Da Vinci Waldorf School To Expand Its Campus

Da Vinci Waldorf School has reached an agreement to lease five acres of neighboring property on Bonner Road, more than doubling the size of its campus to meet growing enrollment.

The lease agreement, finalized last Friday, comes days before Tuesday's start of fall classes at the school, which serves students in early childhood through eighth grade. With 121 students and 29 faculty and staff, the school has grown by more than 30 percent since 2019.

"We're thrilled to expand our campus and be able to add classroom space for our middle school program, which has doubled in size these past few years," the school's administrator, Laine Ambrose, said. "For our youngest learners, this will mean more nature and trails to explore during their outdoor education."

Da Vinci Waldorf School is celebrating its 25th anniversary. The school was started in 1998 by a group of homeschooling parents with a shared interest in Waldorf education. Known then as Water's Edge School, the program began as a once-a-week kindergarten and preschool class led by a single teacher in a rented church room. It quickly grew and soon adopted a one room schoolhouse approach, with its mixed-aged classroom meeting several days per week.

In 2005, the school bought its building at 150 W. Bonner Road, where it expanded its program to include first grade. The school added additional grades as it continued to grow and soon changed its name.

Today the school serves families from more than two dozen nearby communities like Barrington, Crystal Lake, and Mundelein. Its three-acre schoolyard has nature-based play areas, sports fields, a basketball court, a student vegetable and flower farm, native prairie plantings, an outdoor cooking area and a chicken coop, where children collect eggs for the school to use and sell.

The recent growth has led school officials to explore options for expanding the school.
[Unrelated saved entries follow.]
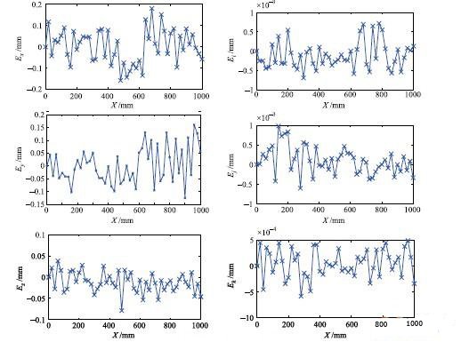 使用便攜式三坐標測量機對并聯(lián)機器人末端精度進行檢測.并聯(lián)機器人末端由(0;400;0;0;0) 沿直線運動到(1000;400;0;0;0),測出誤差如圖6 所示(圖中橫坐標為X 軸位置坐標,縱坐標依次為X、Y 、Z軸位置誤差和單位激光光軸矢量在X軸的投影I、在Y 軸的投影J、在Z 軸的投影K 的差).
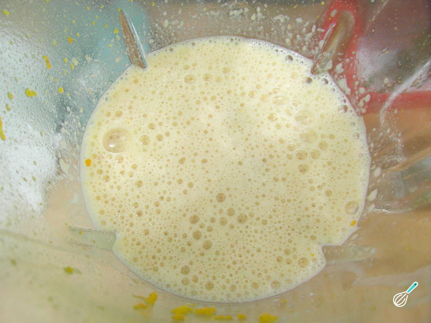 No liquidificador bata o mel com os ovos por 1-2 minutos. Acrescente a raspa de laranja e volte a bater.
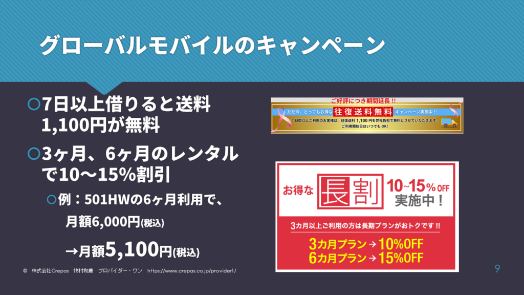 グローバルモバイルのレンタルWiFiのキャンペーン詳細

This summer, the school's direct neighbor listed their property for sale or rent, including five acres of partially wooded land and a four-bedroom ranch with an expansive 3,000 square-foot great room, which will be used as an orchestra room as well as middle school classroom.

With an asking price of nearly $1.1 million, the school opted to lease the property, according to Morgan Branson, the school's marketing and communications director. The nine-month agreement will provide the school additional space for the coming school year as it continues to evaluate its expansion options.

In addition to moving its middle school program to the new building, Branson said early childhood classes will use the land for weekly hikes and other outdoor activities.